Likewise, dearomatized products with oxime functionality could be further elaborated, as exemplified by the conversion of compound (±)-6a to different ketones 16–18. Thus, the oxidation of reduced product 15 with aqueous bleach solution gave oxime-protected γ-hydroxytetralone 16, while using tert-butyl hypochlorite under anhydrous conditions provided α–chloro-γ–hydroxytetralone 17. The oxime protecting group could be cleaved using zinc and acetic acid, and subsequent oxidation of urazole under aqueous conditions provided γ-hydroxytetralone 18, a high-value added bioactive compound ($380 g⁻¹, Aldrich).^[24] Notably, based on recent advances in C–H activation, the installed oxime could also serve as a powerful directing group for the introduction of functional handles on the neighbouring aromatic ring.^[25] This type of oxime exo-directing group is highly versatile;^[26] however, it previously required installation through manipulation of the pre-existing alcohol.

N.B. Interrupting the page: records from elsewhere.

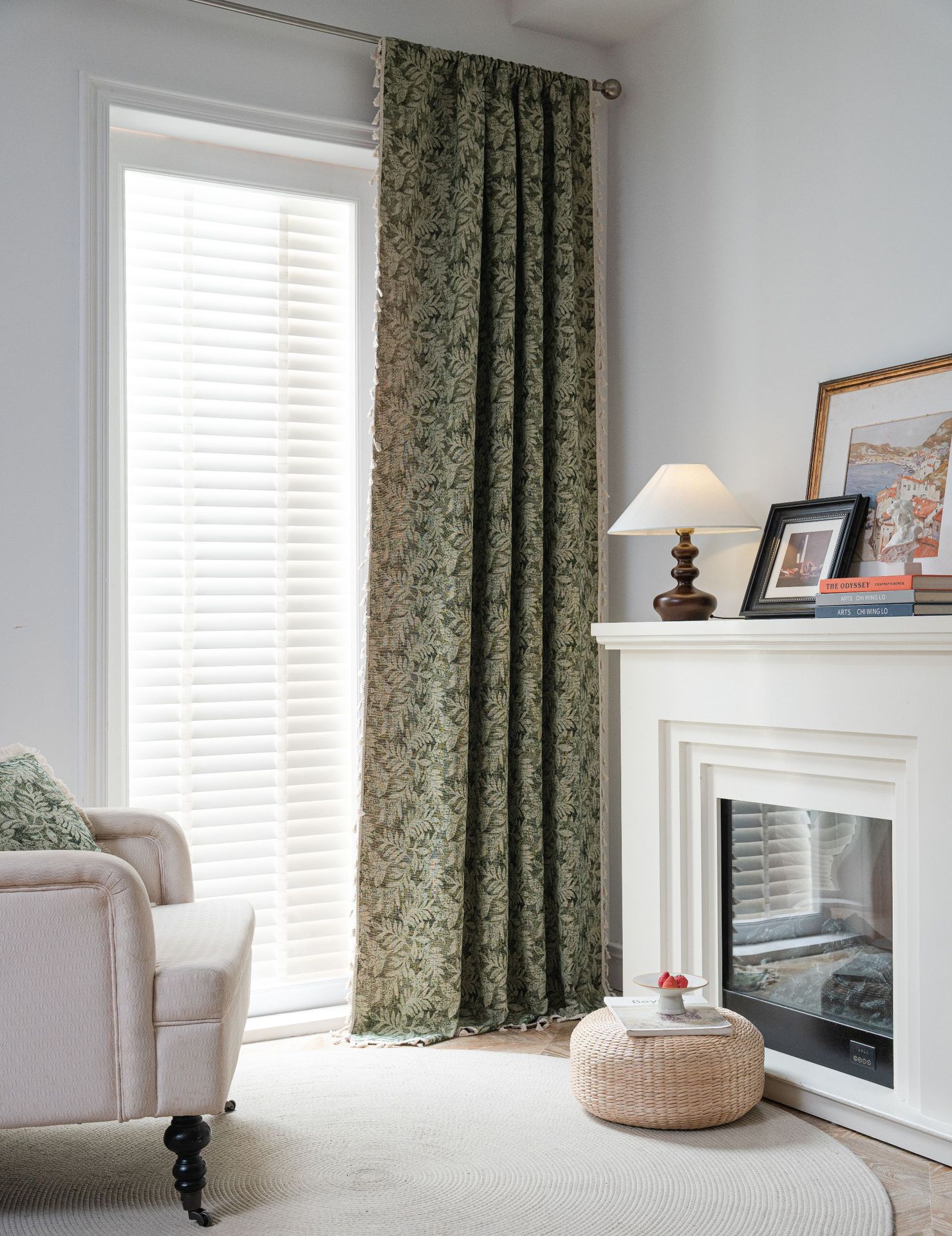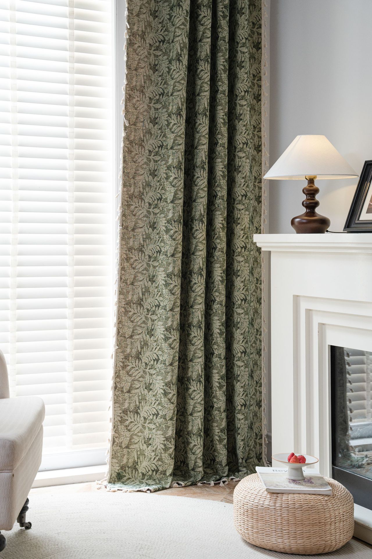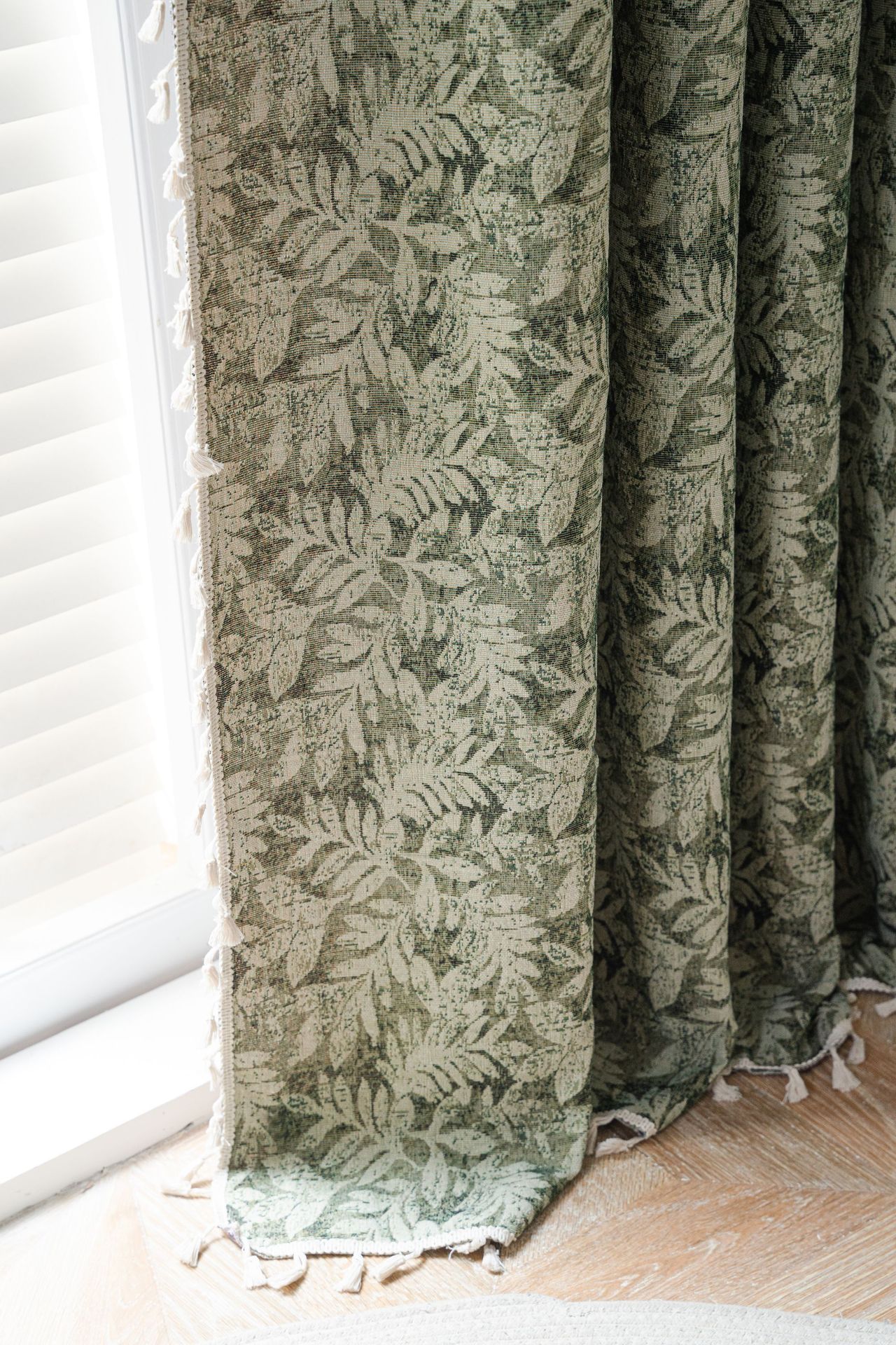 프랑스식 기성 커튼, 녹색 나뭇잎 자카드, 완전 암막 및 단열 커튼, 거실, 침실, 어린이방용 도매 판매스토어 가기
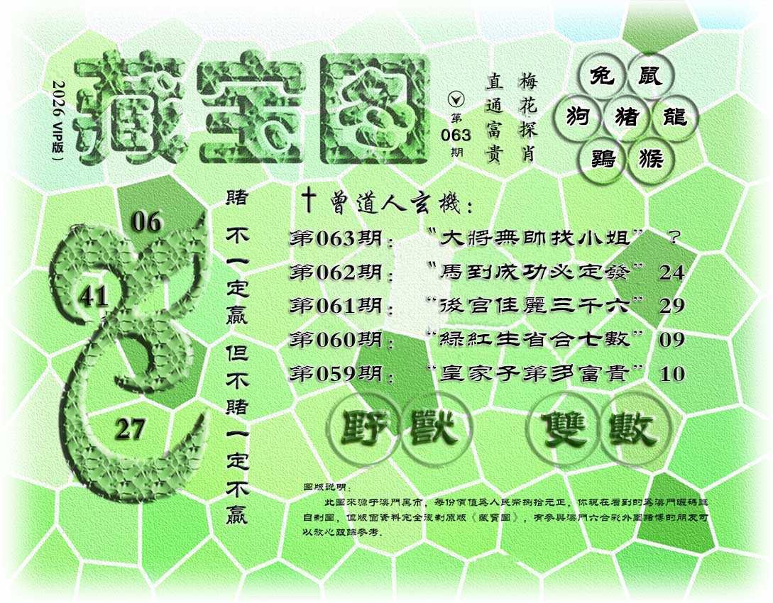 【解正版藏宝图】060期:【绿红生肖合七数】
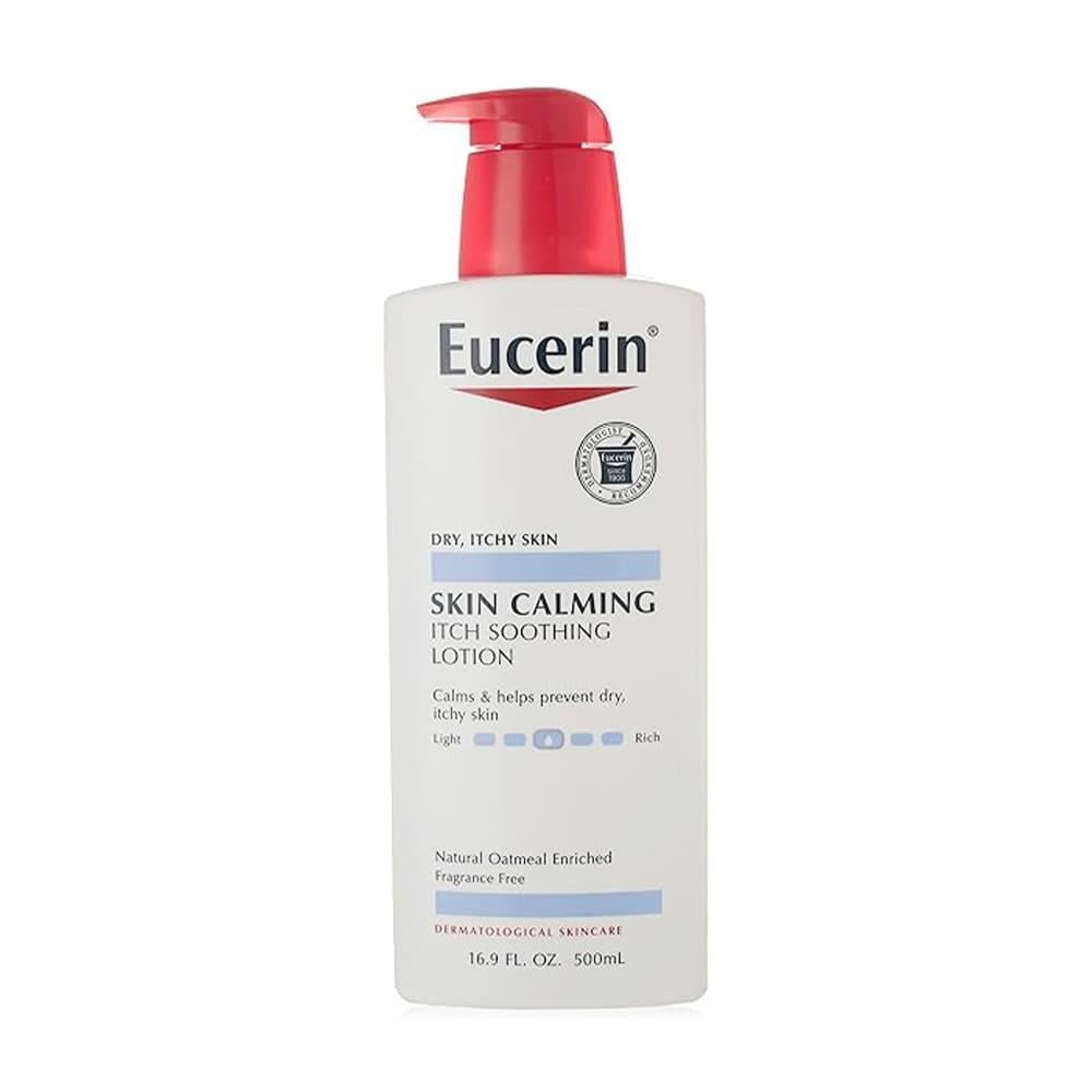 يوفر لوشن Eucerin Skin Calming ترطيباً لمدة كبيرة وتحكماً طويل الأمد في البشرة الجافة والمتهيجة للحكة. تجمع هذه التركيبة اللطيفة وغير الدهنية بين دقيق الشوفان الطبيعي المهدئ والمرطبات الغنية للتخفيف والمساعدة على منع جفاف الجلد والحكة والحفاظ على ترطيب البشرة. المستحضر سهل التطبيق وغير دهني وسهل الامتصاص. غسول مهدئ للبشرة آمن للبشرة الحساسة وخالي من العطور والصبغة.

On the other hand, dearomative oxyamination directly introduces this handle during a single functionalization event. Thus, acetone oxime-derived compound 19, prepared by chemoselective hydrogenation and urazole methylation of (±)-6n, was used for the introduction of O- and C-based functional groups. Oxime directed, Pd-catalyzed C–H bond activation in the presence of PIDA successfully incorporated an acetate group to provide 20.^[27] Similarly, Pd-mediated oxidation with tert-butyl hydrogen peroxide in the presence of benzaldehyde enabled direct ortho-aroylation, affording ketone 21.^[28]

In summary, a palladium-catalyzed dearomative syn-1,4-oxyamination of simple and nonactivated arenes was developed based on the arenophile-mediated cycloaddition strategy. A range of arenes underwent this process with oximes or benzyl alcohols as O-nucleophiles, providing products with an exclusive syn-1,4-selectivity. Moreover, a highly enantioselective process (≥98:2 er) has been established using naphthalene. This dearomative difunctionalization protocol forms products that are amenable to an array of further derivatizations as demonstrated with facile preparation of highly oxidized alicyclic motifs from simple non-activated aromatic precursors. As numerous bioactive compounds encompass aminocyclitols or similarly functionalized motifs, this method is expected to find application in the synthesis of natural products and medicinally-relevant compounds.